**WORK TASK**
When copying the data below, keep only the lines from the one with "4歳児はな組は、テラスから5" through the one with "Tugboat fender is", word for word, and skip the pictures.

──────

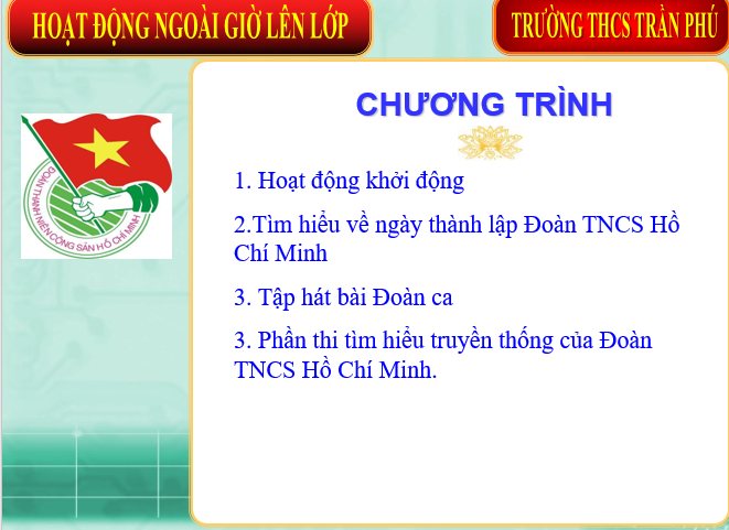 Được sự đồng ý của Chi Bộ nhà trường và thực hiện Kế hoạch số 01/KH-ĐTN, Chi Đoàn trường THCS Trần Phú phối hợp với GVCN khối 9 và Đội TNTP tổ chức hoạt động Bồi dưỡng nhận thức về Đoàn cho học sinh khối 9 (thuộc đối tượng chuẩn bị tham gia Đoàn) với chủ đề: “TIẾN BƯỚC LÊN ĐOÀN”
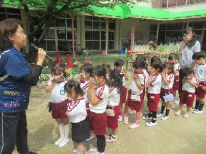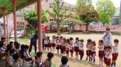 4歳児はな組は、テラスから5歳児そら組の様子を見学しました。園内での火災を想定した訓練で、非常ベルの音を初めて聞いて少し驚く様子もありましたが、落ち着いて静かに5歳児が避難するところを見ていました。
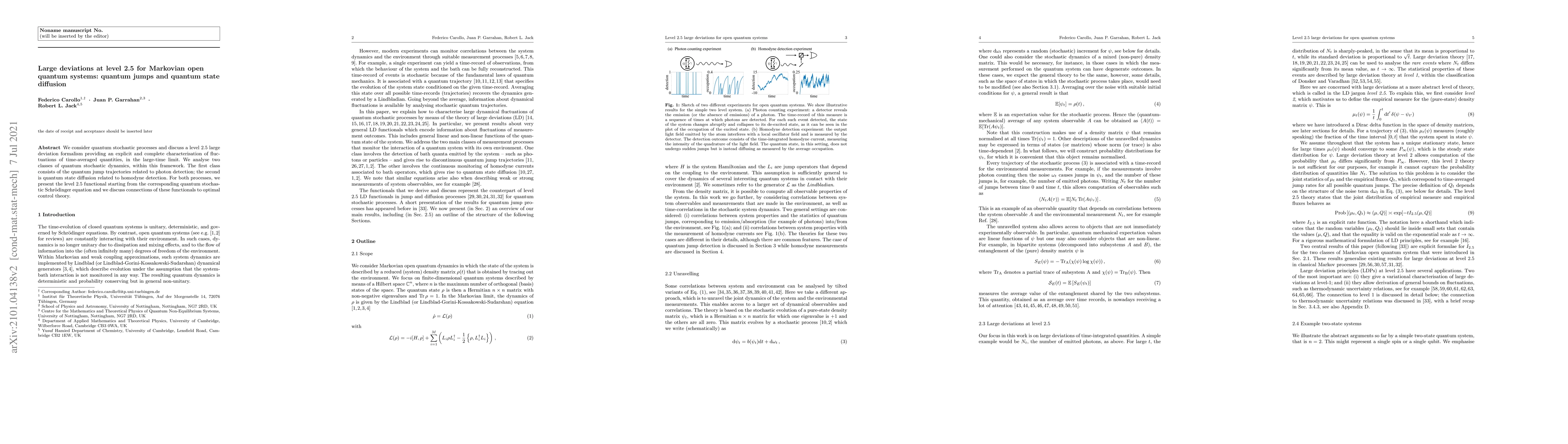 We consider quantum stochastic processes and discuss a level 2.5 large deviation formalism providing an explicit and complete characterisation of fluctuations of time-averaged quantities, in the large-time limit. We analyse two classes of quantum stochastic dynamics, within this framework. The first class consists of the quantum jump trajectories related to photon detection; the second is quantum state diffusion related to homodyne detection. For both processes, we present the level 2.5 functional starting from the corresponding quantum stochastic Schr\"odinger equation and we discuss connections of these functionals to optimal control theory.
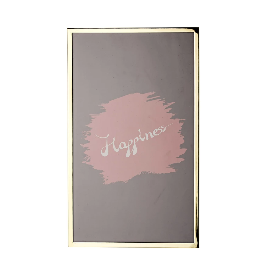 Catalog Name: 11-3/4"W x 19-1/2"H Metal Framed Glass Wall Decor "Happiness"
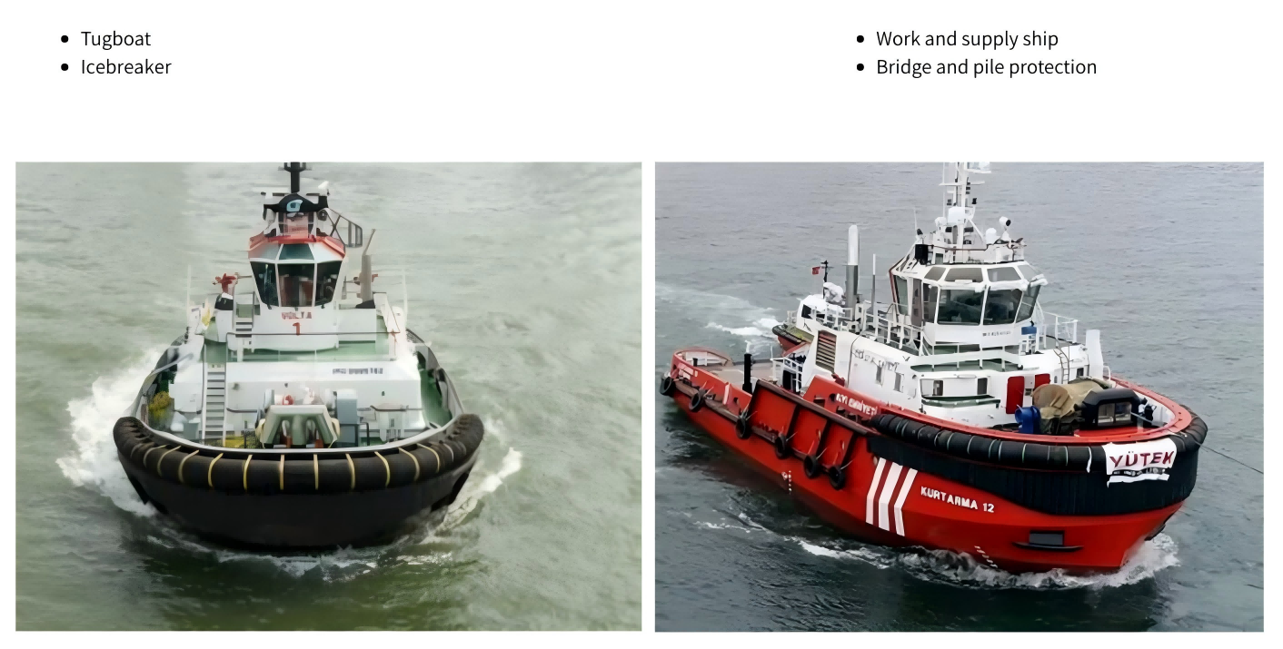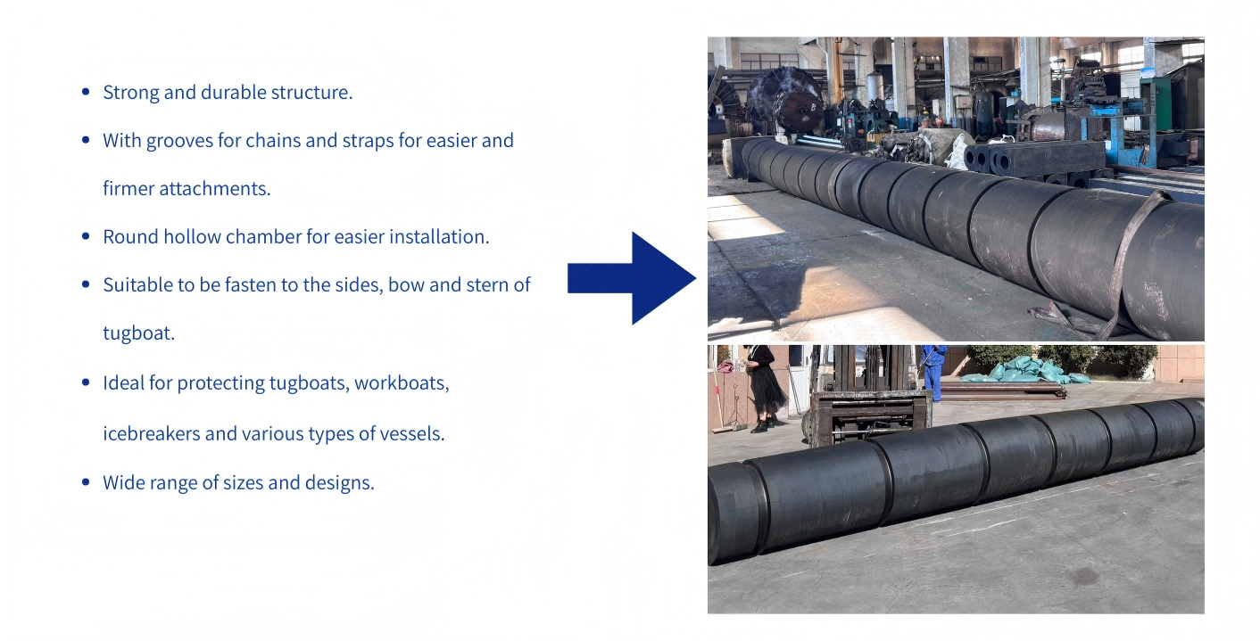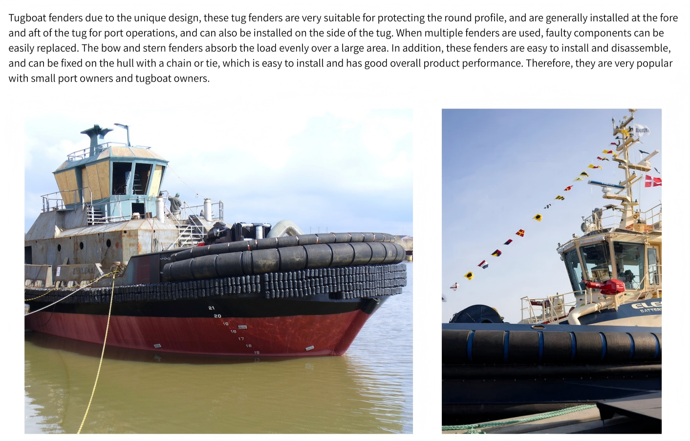 Tugboat fender is a cylindrical fender used for various tugboats for pushing, erecting, extending and slanting operations. The tugboat rubber fender adopts vulcanization technology, which has good performance, long service life and easy installation.
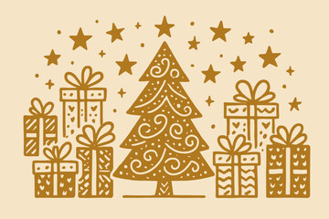 Golden Holiday Celebration. Collection of golden gift boxes and playful stars surrounds a central tree, symbolizing the spirit of giving and joy. The warm gold hues. Vector illustration
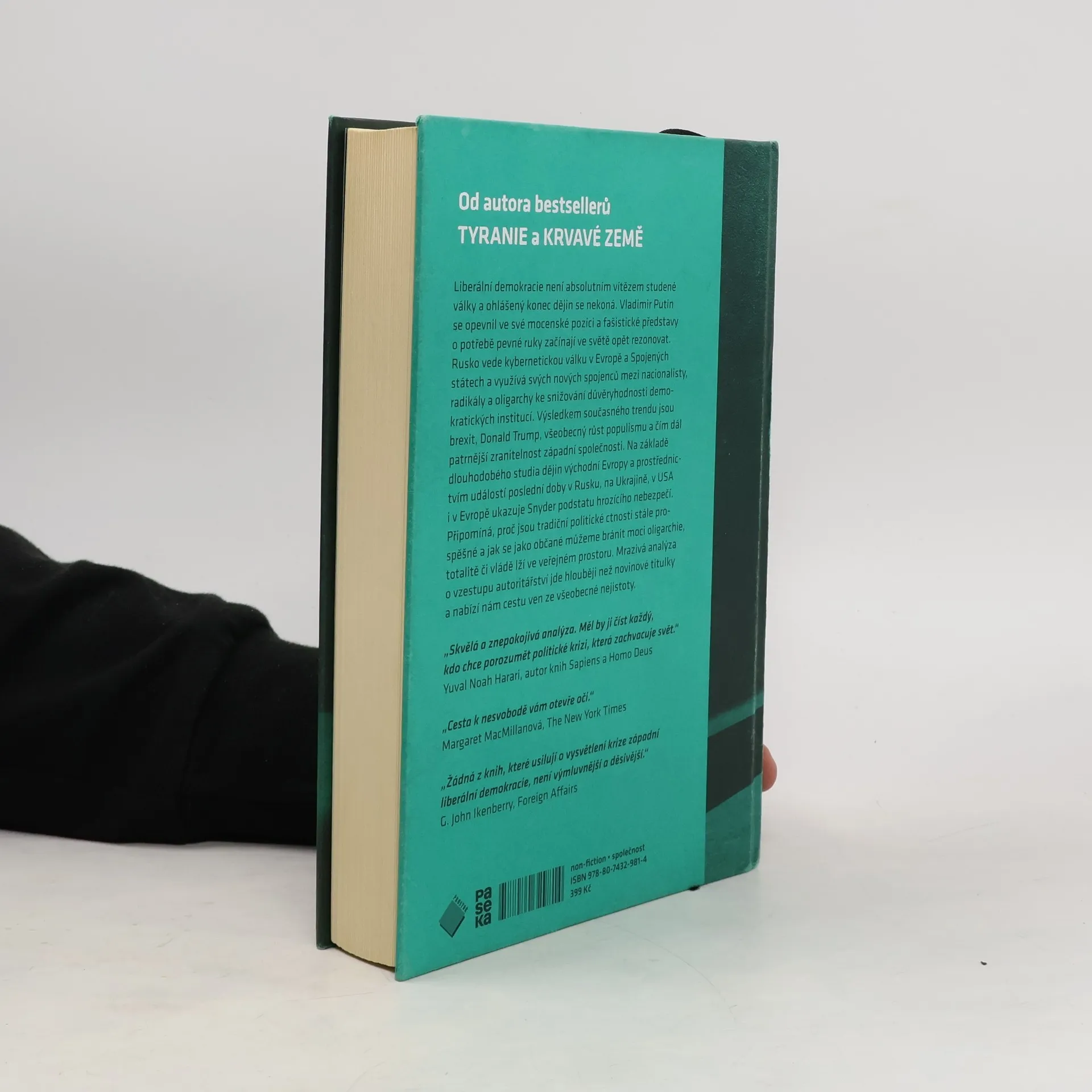 Liberální demokracie není absolutním vítězem studené války a ohlášený konec dějin se nekoná. Vladimir Putin se opevnil ve své mocenské pozici a fašistické představy o potřebě pevné ruky začínají ve světě opět rezonovat. Rusko vede kybernetickou válku v Evropě a Spojených státech, využívá svých nových spojenců mezi nacionalisty, radikály a oligarchy, aby snižovalo důvěryhodnost demokratických institucí. Výsledkem současného trendu jsou brexit, Donald Trump, všeobecný vzestup populismu a čím dál patrnější zranitelnost západní společnosti. Na základě velkoryse pojatého výzkumu a prostřednictvím událostí poslední doby v Rusku, na Ukrajině, v USA i v Evropě ukazuje Snyder podstatu hrozícího nebezpečí. Pomáhá porozumět, proč jsou tradiční politické ctnosti prospěšné a kterou z nabízených možností bychom si měli zvolit: rovnost, nebo oligarchii, individualitu, nebo totalitu, pravdu, nebo lež. Ohromující svědectví o vzestupu autoritářství jde hlouběji než novinové titulky a nabízí nám cestu ven ze všeobecné nejistoty.

──────

**RESULT**
 4歳児はな組は、テラスから5歳児そら組の様子を見学しました。園内での火災を想定した訓練で、非常ベルの音を初めて聞いて少し驚く様子もありましたが、落ち着いて静かに5歳児が避難するところを見ていました。
 We consider quantum stochastic processes and discuss a level 2.5 large deviation formalism providing an explicit and complete characterisation of fluctuations of time-averaged quantities, in the large-time limit. We analyse two classes of quantum stochastic dynamics, within this framework. The first class consists of the quantum jump trajectories related to photon detection; the second is quantum state diffusion related to homodyne detection. For both processes, we present the level 2.5 functional starting from the corresponding quantum stochastic Schr\"odinger equation and we discuss connections of these functionals to optimal control theory.
 Catalog Name: 11-3/4"W x 19-1/2"H Metal Framed Glass Wall Decor "Happiness"
 Tugboat fender is a cylindrical fender used for various tugboats for pushing, erecting, extending and slanting operations. The tugboat rubber fender adopts vulcanization technology, which has good performance, long service life and easy installation.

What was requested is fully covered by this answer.